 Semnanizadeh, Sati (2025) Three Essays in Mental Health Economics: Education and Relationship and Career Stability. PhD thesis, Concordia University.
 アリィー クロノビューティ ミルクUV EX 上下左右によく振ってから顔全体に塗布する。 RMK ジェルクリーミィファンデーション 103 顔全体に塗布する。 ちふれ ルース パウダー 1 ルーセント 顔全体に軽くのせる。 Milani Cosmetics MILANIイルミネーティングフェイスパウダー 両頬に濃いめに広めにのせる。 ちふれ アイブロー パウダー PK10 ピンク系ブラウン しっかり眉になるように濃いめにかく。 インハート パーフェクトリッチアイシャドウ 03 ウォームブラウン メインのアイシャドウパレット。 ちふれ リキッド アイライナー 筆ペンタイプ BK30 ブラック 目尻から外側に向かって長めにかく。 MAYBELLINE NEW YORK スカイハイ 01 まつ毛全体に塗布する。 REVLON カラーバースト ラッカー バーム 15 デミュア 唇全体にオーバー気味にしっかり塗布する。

==

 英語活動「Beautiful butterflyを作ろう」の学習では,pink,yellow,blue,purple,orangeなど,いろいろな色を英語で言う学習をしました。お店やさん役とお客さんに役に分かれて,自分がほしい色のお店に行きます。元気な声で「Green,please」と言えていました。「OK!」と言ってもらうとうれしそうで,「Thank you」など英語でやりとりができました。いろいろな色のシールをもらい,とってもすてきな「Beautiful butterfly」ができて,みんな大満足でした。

...

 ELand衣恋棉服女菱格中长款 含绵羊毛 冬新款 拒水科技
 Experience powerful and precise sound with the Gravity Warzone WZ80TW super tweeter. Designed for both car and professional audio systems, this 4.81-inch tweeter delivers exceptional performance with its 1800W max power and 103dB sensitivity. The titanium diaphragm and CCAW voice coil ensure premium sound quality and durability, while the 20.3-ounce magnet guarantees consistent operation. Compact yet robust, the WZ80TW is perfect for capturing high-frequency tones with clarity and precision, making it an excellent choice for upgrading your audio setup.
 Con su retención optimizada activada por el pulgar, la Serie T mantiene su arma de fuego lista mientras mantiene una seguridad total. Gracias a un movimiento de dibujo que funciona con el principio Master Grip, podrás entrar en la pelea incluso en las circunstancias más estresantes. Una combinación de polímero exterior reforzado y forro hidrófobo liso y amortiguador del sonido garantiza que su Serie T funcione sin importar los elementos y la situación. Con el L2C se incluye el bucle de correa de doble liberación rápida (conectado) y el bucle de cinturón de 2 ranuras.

**Work instructions**
Would you please repeat exactly the lines above, starting at the line with "Semnanizadeh, Sati (2025)" and stopping at the line with "アリィー クロノビューティ ミルクUV", both included?

**Response to the task**
 Semnanizadeh, Sati (2025) Three Essays in Mental Health Economics: Education and Relationship and Career Stability. PhD thesis, Concordia University.
 アリィー クロノビューティ ミルクUV EX 上下左右によく振ってから顔全体に塗布する。 RMK ジェルクリーミィファンデーション 103 顔全体に塗布する。 ちふれ ルース パウダー 1 ルーセント 顔全体に軽くのせる。 Milani Cosmetics MILANIイルミネーティングフェイスパウダー 両頬に濃いめに広めにのせる。 ちふれ アイブロー パウダー PK10 ピンク系ブラウン しっかり眉になるように濃いめにかく。 インハート パーフェクトリッチアイシャドウ 03 ウォームブラウン メインのアイシャドウパレット。 ちふれ リキッド アイライナー 筆ペンタイプ BK30 ブラック 目尻から外側に向かって長めにかく。 MAYBELLINE NEW YORK スカイハイ 01 まつ毛全体に塗布する。 REVLON カラーバースト ラッカー バーム 15 デミュア 唇全体にオーバー気味にしっかり塗布する。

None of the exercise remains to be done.